苏云亦迈步而入,仔细打量着,只见几人周身散发着风尘仆仆与疲惫不堪之气,身上皆有着不同程度的伤。
镖头闻昊二十多岁,身材壮硕,肤色黝黑,是苏云亦新近从自己培植的暗卫营——闻影营,提拔的人。
闻昊头上、手上、肩上皆缠着绷带。他率先跪到地上,向苏云亦请罪:“公子,属下办事不利,有愧于您,恳请严惩,绝无怨言!”
余下四人见状,纷纷跪下,一副视死如归的表情。
2
苏云亦踱过来,看了看闻昊,眼神晦暗不明。闻昊抬头看了主子一眼,即又惭愧地低下去,眼神似还有不甘。
顿了一会儿,苏云亦才伸手将闻昊扶起,又叫另四人都起身回话。
原是东北方念舟城一带,出现一厉害山贼,专设陷阱于树林,抢劫商队。闻昊一行人中了埋伏,丢了货物,伤亡惨重,无力与对方抗衡,只得落败而逃。
苏云亦听完,面色严峻,却并未责罚几人,只叫他们下去好好养伤。
闻昊一听,却再次跪下:“公子,属下罪该万死,愿受任何惩罚!”
苏云亦却只道:“下去养伤。”声色威严。
闻昊看了苏云亦一眼,但见主子眼色如冰,他便不再多言,行了一礼便悻悻地带几人退了出去。
立于苏云亦身后的却隐道:“公子,我看闻昊心有不甘,何不再给他几个身手不凡的暗卫,让他杀回去把货物夺回来?”
苏云亦负手冷笑道:“莽夫之举!要是能靠武力解决,你觉得闻昊能输?”
却隐惭愧点头。
苏云亦踱了几步,叹道:“从念舟城回洪县八百多公里,他们就这样空手而归,真正是丝毫商业头脑也没有!”
却隐道:“公子,那山贼劫了我们两次,实不简单,不若派属下前去打探一二?”
苏云亦走到书案前坐下:“我对你另有安排。那山贼……如今天下本不太平,匪患猖獗,若他真能雄霸一方,届时我倒愿亲自跋涉一趟去会会。”
顿了一下,又继续道:“眼下,你先去趟镖局,妥善抚恤牺牲镖师的家眷,料理好他们的后事。得空着力为闻影营和镖局,多寻觅些可造之材,悉心培养。镖局不可只凭武力行事,还需有智谋之士统筹谋划。闻影营亦需补充新鲜血液,增强实力。这便是你的当务之急,切不可懈怠。”
却隐领命而去。
3
待却隐离去,苏云亦起身往宴客厅旁边行去。
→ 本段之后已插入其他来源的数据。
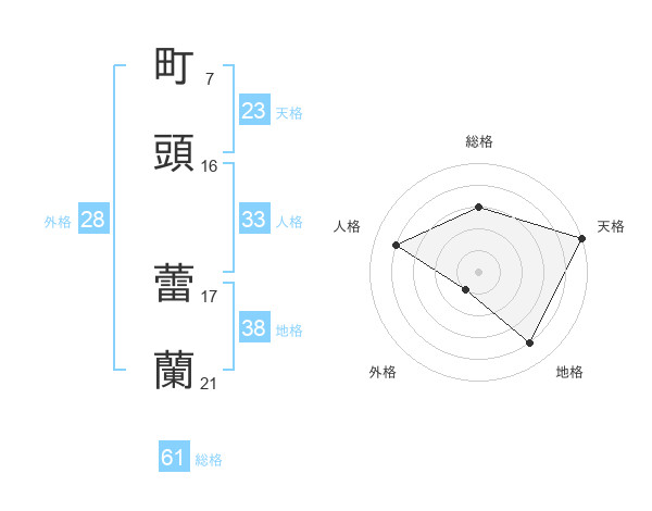 町頭 蕾蘭さんを姓名の画数から五運を鑑定

那儿置有一间书房,专为接见来客所设,名曰“礼贤堂”。
账房先生霍未书已在此等候,他每隔一日便需向苏云亦呈交账目。
霍未书年方二十六,身着一身粗布蓝衣,眉清目秀,儒雅谦和,乃是苏云亦刚从门客院所聘。
此人做账极为细致,不但条理分明,记载详尽,更是无一差错遗漏。
苏云亦坐在书案前,粗略阅过账目后,对霍未书赞赏道:“霍先生这账目做得规整有序,令人钦佩。”
站在书案前的霍未书,忙作礼道,“东家过誉了!”
苏云亦道:“不知霍先生能否再挪出一些时间,兼任我内院总管?”
霍未书抬头,脸上有一丝为难,盖因他并未有长久留于柳镇的筹谋,更不想管人家的内院。
他本胸有大志,书也读得极好,但因不满当朝官府腐败,便弃了仕途,四处穷游,犹不得志。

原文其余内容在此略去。